### [Task prompt]
Skip the pictures. Quote every line below, exactly, from the one with "20 x 12 inches, acrylic" through the final line.

### [Records for the exercise]
+ + + + +
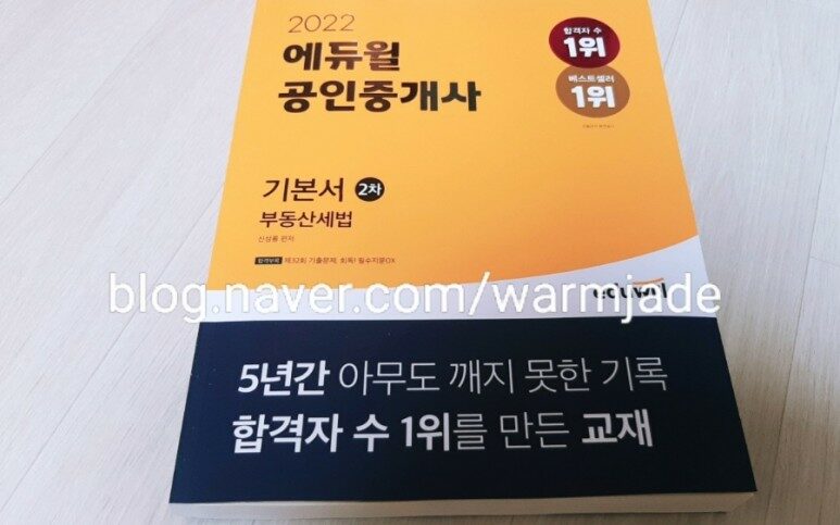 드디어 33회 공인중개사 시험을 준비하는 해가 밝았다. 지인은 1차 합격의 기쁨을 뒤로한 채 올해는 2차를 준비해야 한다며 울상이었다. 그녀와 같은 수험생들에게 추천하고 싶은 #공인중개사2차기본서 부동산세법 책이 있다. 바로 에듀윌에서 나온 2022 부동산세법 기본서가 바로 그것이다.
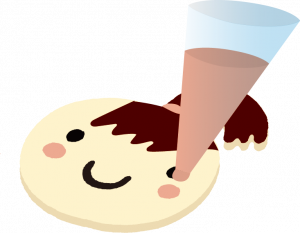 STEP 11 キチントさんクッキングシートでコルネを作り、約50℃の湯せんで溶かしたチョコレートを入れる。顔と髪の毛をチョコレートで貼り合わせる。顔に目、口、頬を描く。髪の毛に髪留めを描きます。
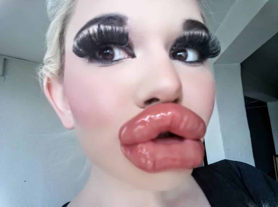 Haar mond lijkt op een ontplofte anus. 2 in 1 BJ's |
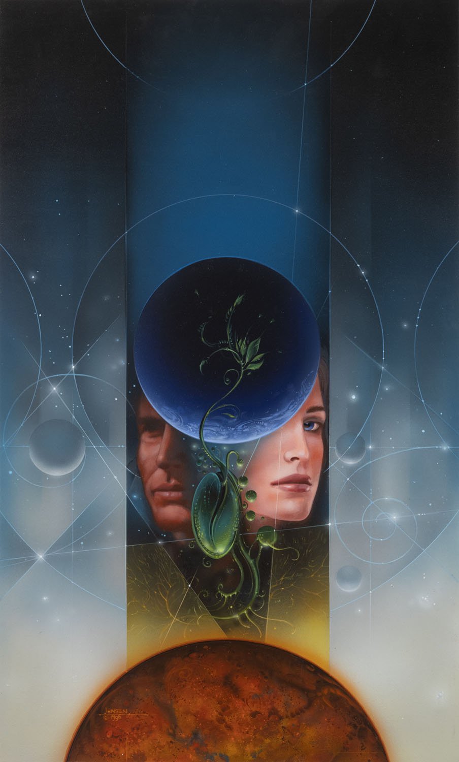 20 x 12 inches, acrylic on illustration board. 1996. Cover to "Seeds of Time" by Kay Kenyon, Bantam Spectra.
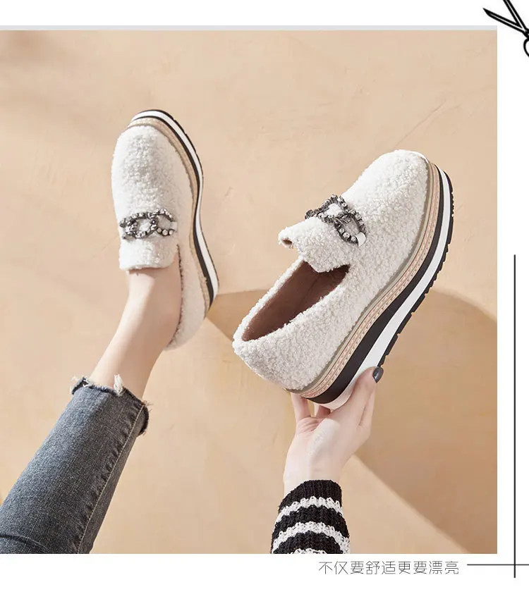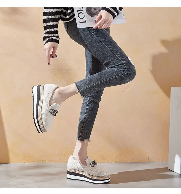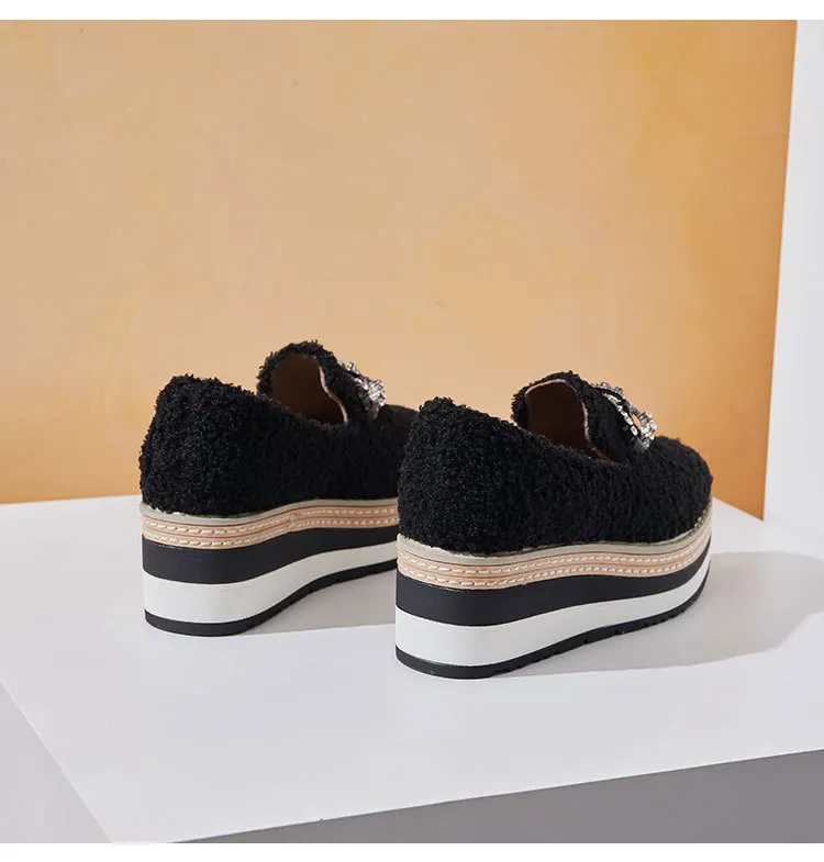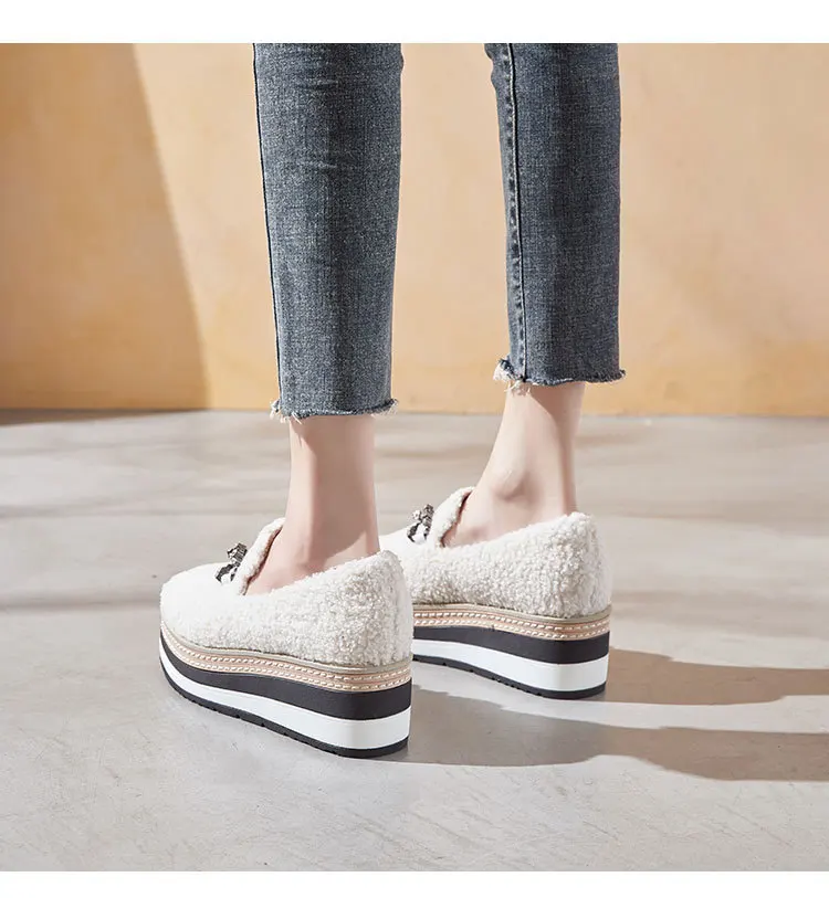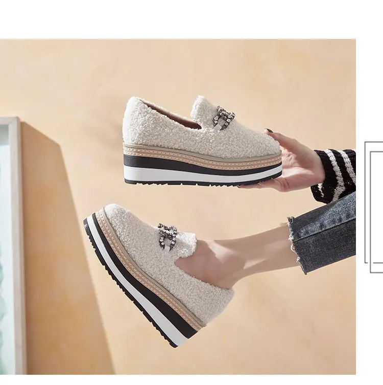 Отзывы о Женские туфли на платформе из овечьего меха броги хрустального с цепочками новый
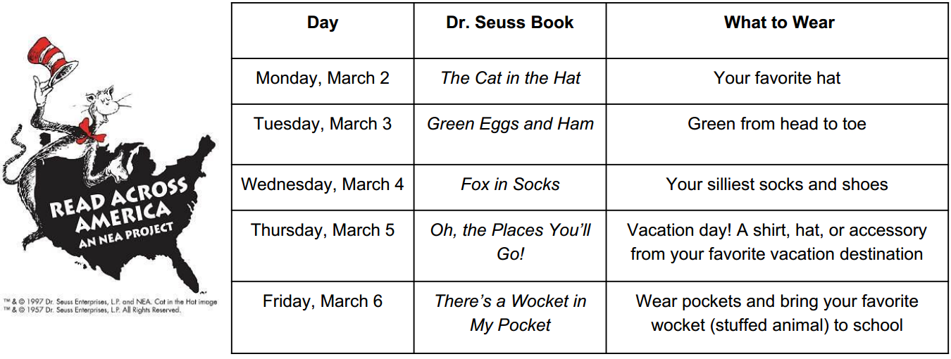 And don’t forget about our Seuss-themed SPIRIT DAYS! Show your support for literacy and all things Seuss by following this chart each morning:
+ + + + +
### [Finished exercise]
 20 x 12 inches, acrylic on illustration board. 1996. Cover to "Seeds of Time" by Kay Kenyon, Bantam Spectra.
 Отзывы о Женские туфли на платформе из овечьего меха броги хрустального с цепочками новый
 And don’t forget about our Seuss-themed SPIRIT DAYS! Show your support for literacy and all things Seuss by following this chart each morning:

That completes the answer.